Qual o objetivo deste projeto?

Globalmente, o projeto visa descrever e avaliar as raças suínas locais europeias, entre as quais a raça Bísara (genética, bem-estar e desempenho produtivo) em diferentes sistemas de produção utilizando regimes alimentares e avaliar a qualidade intrínseca dos seus produtos (carne e presunto). Uma das atividades importantes consiste em avaliar o bem-estar dos animais em sistemas alternativos de alojamento recorrendo a modelos de estufa (hoop barn) com acesso ao exterior.

 

Em termos do bem-estar animal, quais foram as conclusões a que chegaram?

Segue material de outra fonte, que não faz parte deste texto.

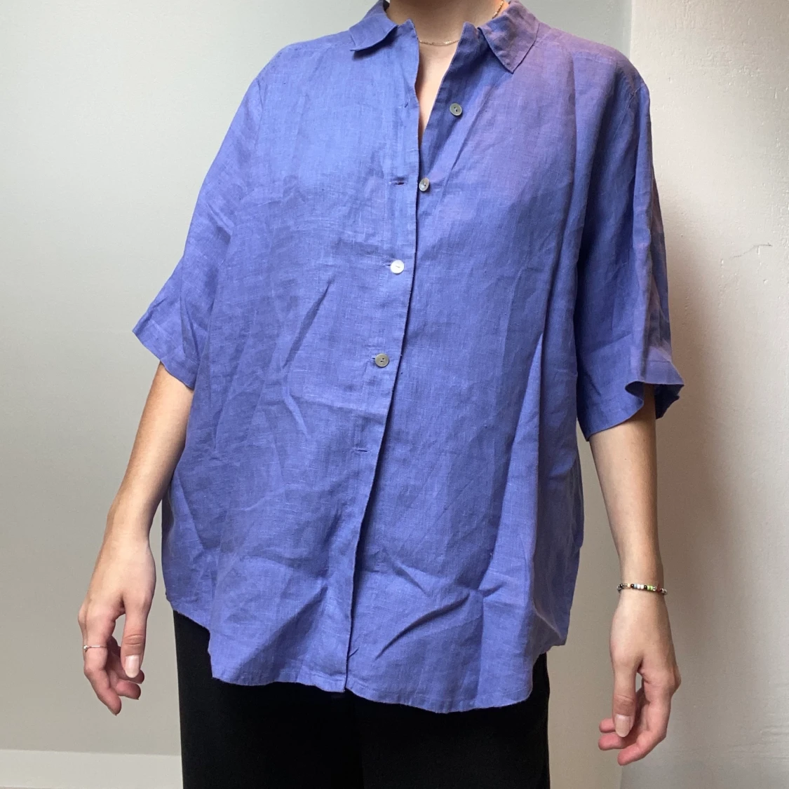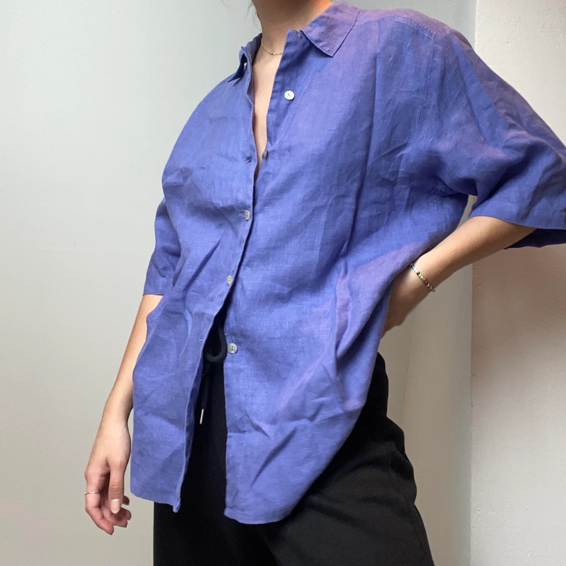 En fin blå skjorta köpt på Second hand som aldrig har använts tyvärr! Nu får någon annan använda den!

Avaliou-se o bem-estar dos suínos relativos a três dos 12 parâmetros enunciados no protocolo do Welfare Quality® Assessment for pigs (2009). Os resultados deste estudo, apesar de corresponderem à avaliação da uma parte do protocolo global, indicam elevados níveis de bem-estar animal, em termos de alojamento (área por animal e limpeza), saúde (ausência de lesões) e uma boa relação Homem-Animal, traduzindo-se num comportamento apropriado pelo animal. Isto sugere que o sistema de alojamento utilizado pode ser uma solução viável e permitir o desenvolvimento sustentável de produtos de alta qualidade na raça Bísara.

 

Que papel o médico veterinário pode/deve ter neste tipo de explorações e na sua implementação?

Os médicos veterinários, em estreita colaboração com criadores e engenheiros zootécnicos, podem ter um papel importante na divulgação e acompanhamento técnico e clínico destas explorações. A equipa deste projeto é multidisciplinar incluindo engenheiros zootécnicos e médicos veterinários.

 

Tendo em conta a realidade atual do nosso país, a implementação deste tipo de explorações é viável?

Os modelos de estufa (hoop barn) com acesso ao exterior, no pressuposto da existência de área exterior, constituem um modelo económico e adaptável a várias regiões do nosso país. Importa, contudo, ter em consideração a dimensão do efetivo, a orientação da estufa e a proteção dos ventos dominantes.